The Walter Darby Bannard Archive

On Postmodernism (1984)

Arts, February 1984, p. 69. Originally a paper entitled "Excellence vs. Postexcellence" given at the MLA Convention, December, 1983.

Us verbal types have a language problem. We invest too much in it. We give language high credentials and then it leads us around by the nose. Words look nice lying out there on paper - so clear, so palpable. Words like Modernism and Postmodernism. We forget their tenuous connection to the things they purport to describe. Like the blind men feeling the elephant, we pick out parts of a phenomenon and then let it walk away so we can stew over our imperfect definitions. I'm not sure what Modernism is. I'm less sure what Postmodernism is. I'm not at all sure I want them precisely defined. After all, language did not evolve to be perfect, it evolved to be useful. I'll try to stick to the elephant, or my end of it, at least, and let the words shift and adapt.

Something is happening in the arts which we all see and recognize. We call it Postmodernism. In architecture it is overt and specific. In art, which is what I know about, and in photography, it is less clear-cut but endlessly talked about. It may come up in literature in the comic fantasy of some novels and in the new romanticism of serious music. If Modernism and Postmodernism are unitary enough to characterize, I would suggest that it will he useful to see them as working attitudes. Modernism uses self-criticism to aim at and maintain high standards. Postmodernism asserts that these things are unnecessary for art. In spirit, Modernism is aspiring, authoritarian, hierarchical, self-critical, exclusive, vertically structured, and aims for the best. Postmodernism is aimless, anarchic, amorphous, self-indulgent, inclusive, horizontally structured and aims for the popular. Modernism is idealistic; Postmodernism is political. Each proceeds from and represents a side of human nature.

The current situation has arisen from the confluence of two factors. One is the enormous growth of the art market in the last thirty years. The other is the widespread recognition that artistic "revolution" lies at the origin of great art in our time. The market is the driving force; the embodiment of the concept is the rationalization for it.

The market's problem is that there never is very much good art. As the market grows there is proportionally less good art and it becomes harder to convince the art public that the art on hand amounts to much. Therefore the market welcomes any attack on high standards which can be sufficiently rationalized.

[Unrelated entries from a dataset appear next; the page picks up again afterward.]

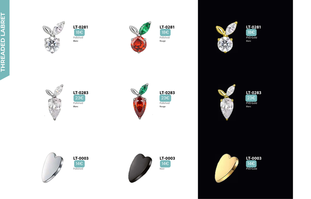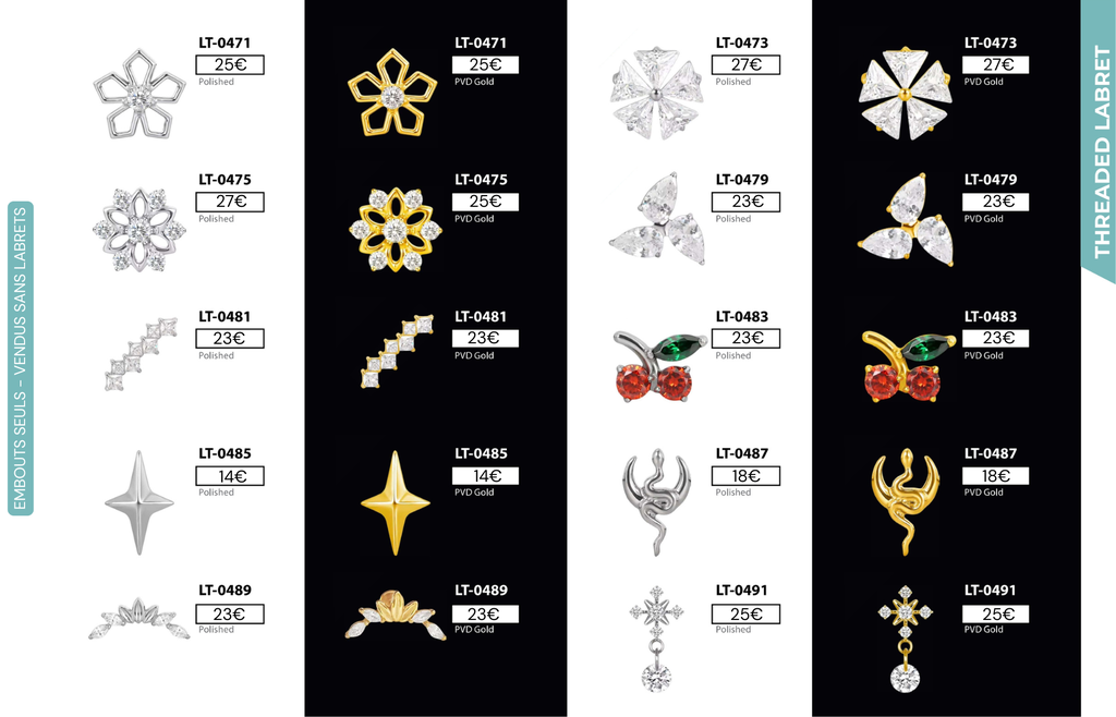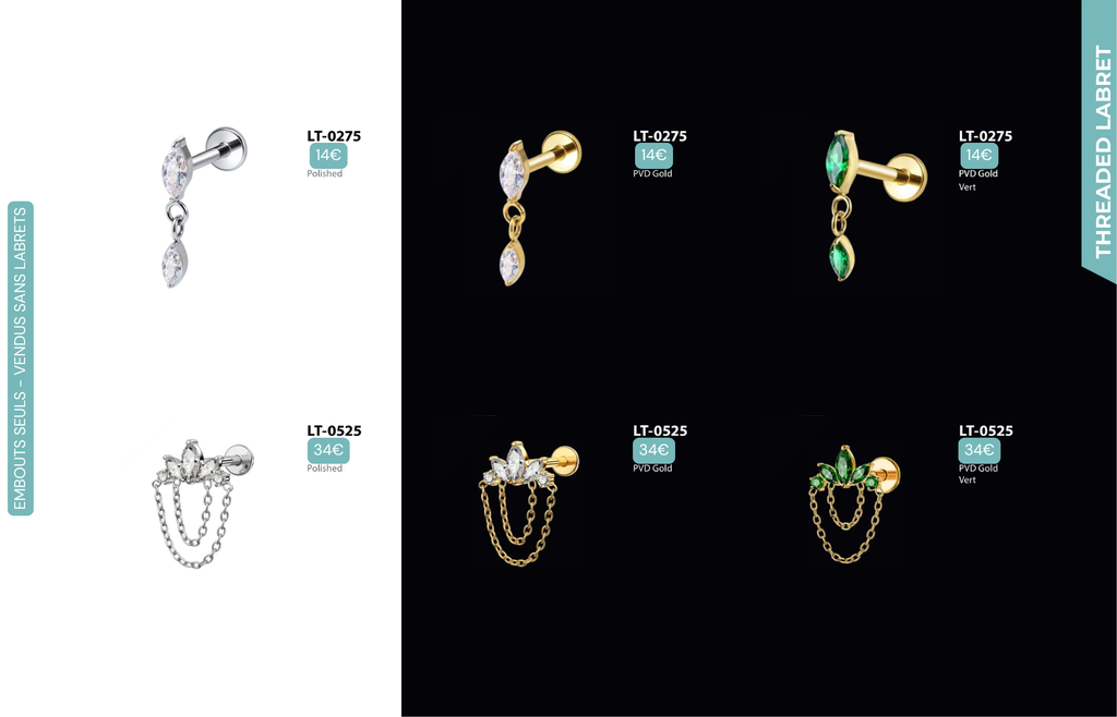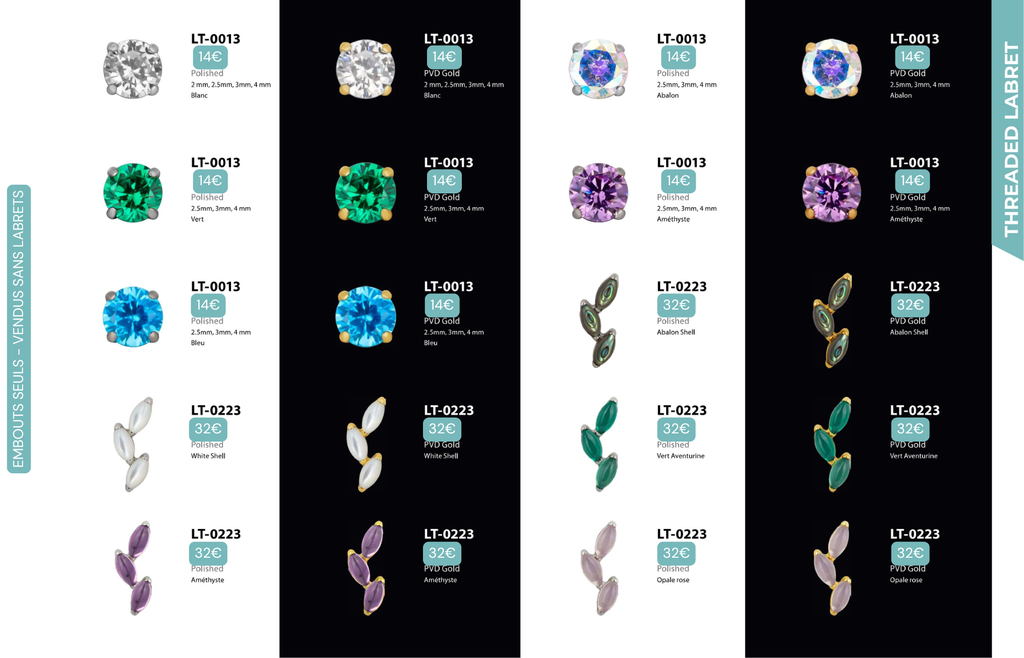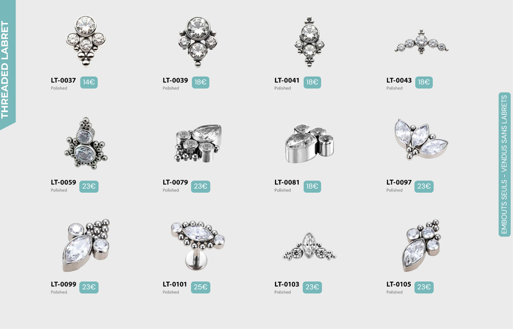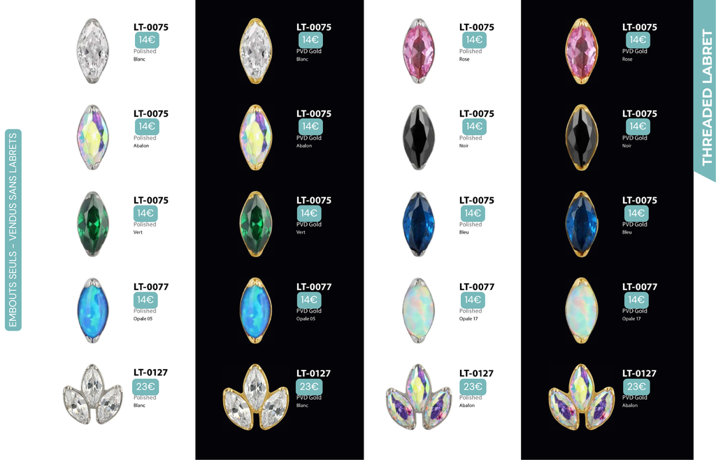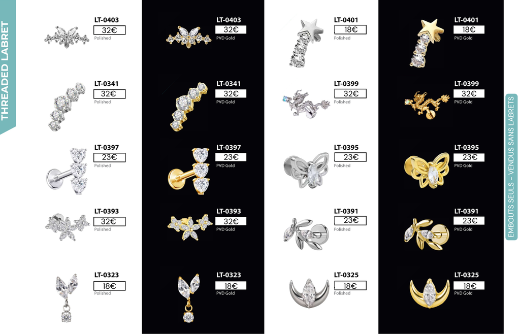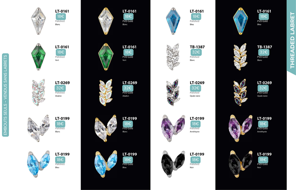 Threaded Labret & Threadless Labret : Compatibles avec Lobes, Low Helix, Mid Helix, Helix, Hidden Helix, Vertical Helix, Anti-Helix, Flat, Tragus, Conch, Rook, Outer Conch, Faux Rook, Faux Anti-Tragus, Narine, Madonna, Monroe, Labret, Medusa, Ashley.
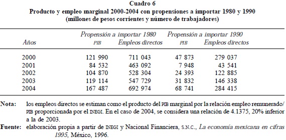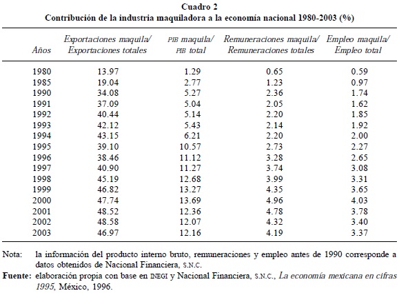 15 G. Fujii y C. Gaona, "El modelo maquilador como barrera al crecimiento del empleo y los salarios en México", en Economía Informa, núm. 323, México, UNAM, febrero de 2004, pp. 63-64.
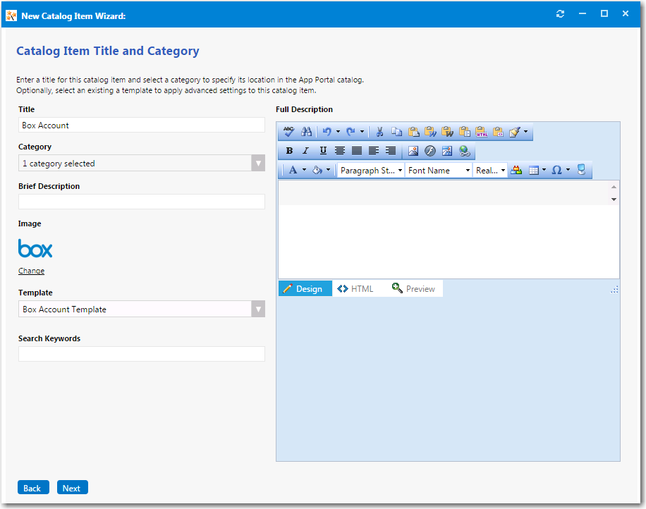 In the Title field, enter a title to identify this catalog item in your App Portal storefront, such as Box Account or Office 365 Account.
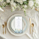 Las elegantes y polvorientas tarjetas de menú de la recepción de bodas azules, azules y blancas presentan un hermoso borde inferior de flores acuarelas y los detalles del menú están escritos en un clásico tipo de letra serif con un acento de escritura caligráfica. Personalice fácilmente esta tarjeta con su propia información utilizando la plantilla de texto. Diseñado para coordinar con mi elegante colección de bodas Juliette. No olvide explorar los otros elementos del paquete de invitados a la boda para crear un estilo elegante y coordinado. Para añadir texto o cambiar el posicionamiento o cambiar fuentes o colores de fuente, haga clic en "Personalizar" y "Editar usando la herramienta de diseño". Si necesita ayuda adicional para ajustar esta plantilla, póngase en contacto conmigo a través del sistema de mensajería de Zazzle. Por favor tenga en cuenta que yo creo los diseños, pero todos los trabajos de impresión y envío son realizados por Zazzle en sus instalaciones de producción, así que si hay algún problema con su pedido, por favor contacte con su servicio de atención al cliente al 1-888-892-9953 o https://www.zazzle.com/about/ask.

The current rationalization appropriates and cynically abuses the now popular misconception that artistic revolution violently rejects all previous art and the values which accompanied it, and the logically illegitimate corollary that any art which takes that pose must be pretty good and we had better get on the right side of it to be straight with history.

Of course, any sensitive student of art history knows that the so called artistic revolutions of the past were always conservative, their radicalness striking not at the core, not at the best in art, but at the encrustations of art which has degraded itself to obtain a larger immediate acceptance. When Manet cried out against the "stews and gravies" in the paintings of his contemporaries, he cried out against the decadence of majority taste; when he painted Olympia he brought art out of it. Manet's "shock of the new" was really the "shock of the old," the shock of the imperishable, the shock of artistic excellence, of human excellence. Very good art, like very good anything, subverts entrenched and corrupt habit. That's why, when it is new, it is hated and reviled. That's why it doesn't sell.

Postmodernism has no interest in emulating Manet. Its very popularity gives away its intent to vulgarize and its success at it. The only thing new about it is its use of the far-out as a weapon of intimidation, a weapon whose "cutting edge" is the favorite cliche of the Postmodernist. By demeaning high standards and anyone or anything which adheres to them, or even invokes them, and by reducing the Modernist from paragon to pariah, Postmodernism hands the market what it wants and needs. What a relief not to have to worry about what's good! With that out of the way the market can get down to the serious business of selling lots of very bad art for very high prices. When the structure shifts from artistic to political, hype and promotion come into their own, free to play out a publicist's dream "revolution," unencumbered by outdated notions of artistic excellence, giving us the inane spectacle of a fat, rich, and powerful establishment affecting mightily to despise itself as it clambers and wheezes its way up the cozy barricades of radical chic.

In the meantime, as always, the really unpopular art, the subversive art, the art which, by its very nature, criticizes and threatens this market, is the old-fashioned elitist, high-standard stuff which clings to the proposition that art must aim for the very best, and holds that great art is inherently personal, very rare, and incorrigibly opposed to debasement. This the market cannot abide.

Postmodernism, or the working attitude which we call Postmodernism, is neither the first nor the last assault on the best in art. It is just the latest. How successful it will be, and how much our dereliction will cost us, remains to be seen.

This essay was initially presented at a panel on Postmodernism at the Modern Languages Association annual meeting in New York on December 28, 1983.